▶ **ABOUT THIS TASK**: Your copy should start at the line with "图表:2019年各期限绿色债券利率显著下降" and end at the line with "Pöytäkirja 15.12.2025/Pykälä 221" in the data below. Transcribe only those lines, exactly, pictures excluded.

▶ **SOURCE RECORDS**:

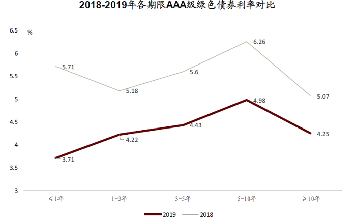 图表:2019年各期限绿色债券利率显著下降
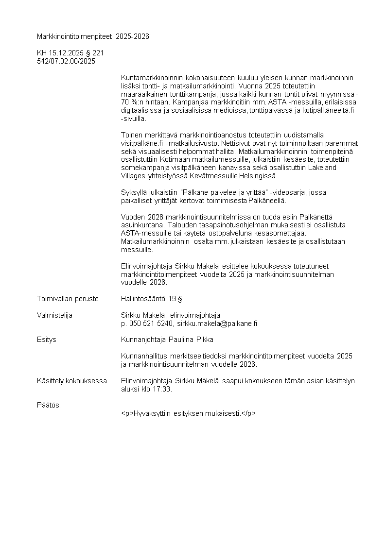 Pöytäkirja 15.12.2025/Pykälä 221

...

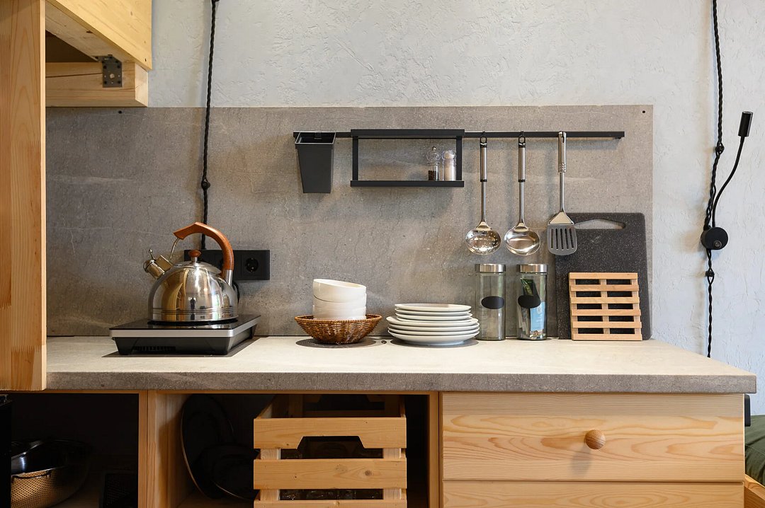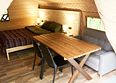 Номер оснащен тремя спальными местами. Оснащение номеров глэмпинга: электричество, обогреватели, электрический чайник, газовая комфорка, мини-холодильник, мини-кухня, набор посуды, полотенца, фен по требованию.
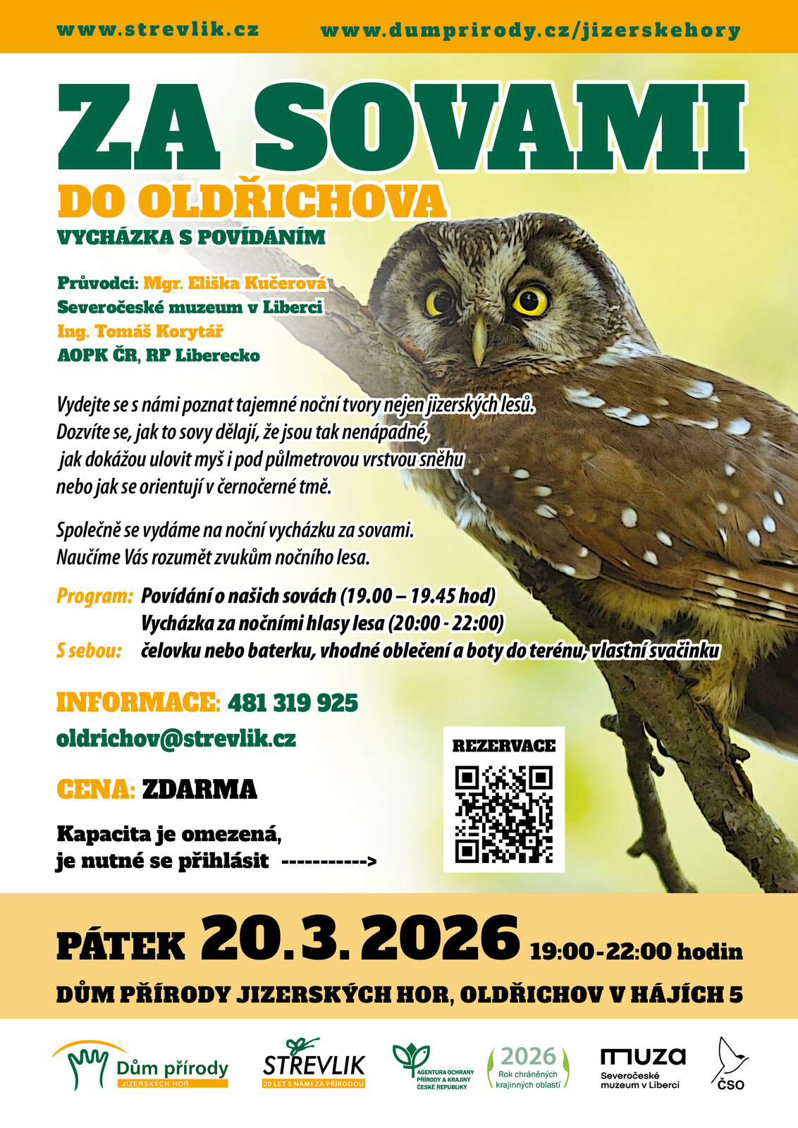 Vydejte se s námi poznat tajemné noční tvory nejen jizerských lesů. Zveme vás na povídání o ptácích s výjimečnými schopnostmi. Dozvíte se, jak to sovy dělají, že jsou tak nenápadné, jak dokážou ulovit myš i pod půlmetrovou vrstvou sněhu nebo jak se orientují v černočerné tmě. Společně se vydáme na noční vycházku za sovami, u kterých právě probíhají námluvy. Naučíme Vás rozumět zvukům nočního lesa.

* * *

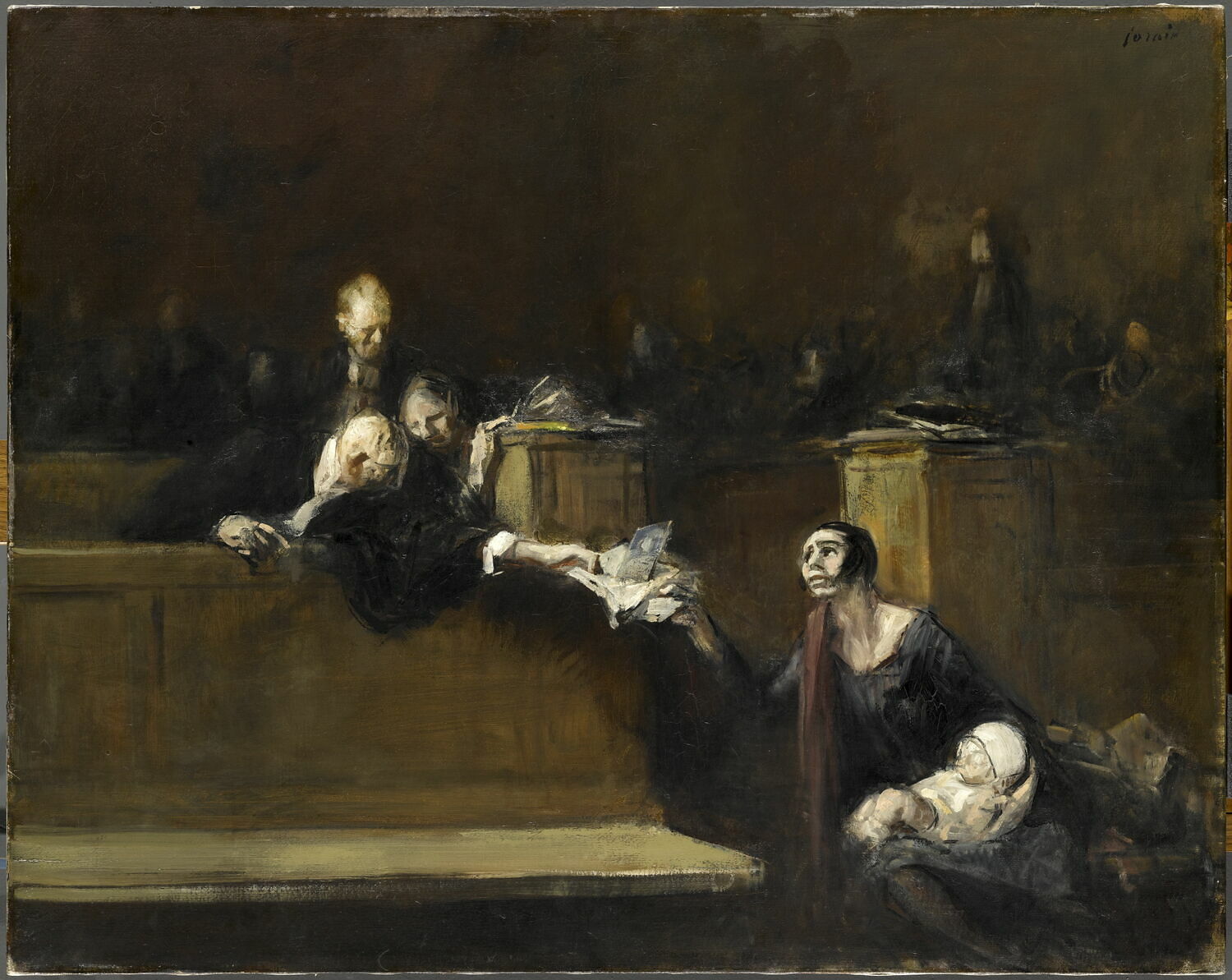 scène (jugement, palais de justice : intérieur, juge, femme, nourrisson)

▶ **ANSWER SPACE**:
 图表:2019年各期限绿色债券利率显著下降
 Pöytäkirja 15.12.2025/Pykälä 221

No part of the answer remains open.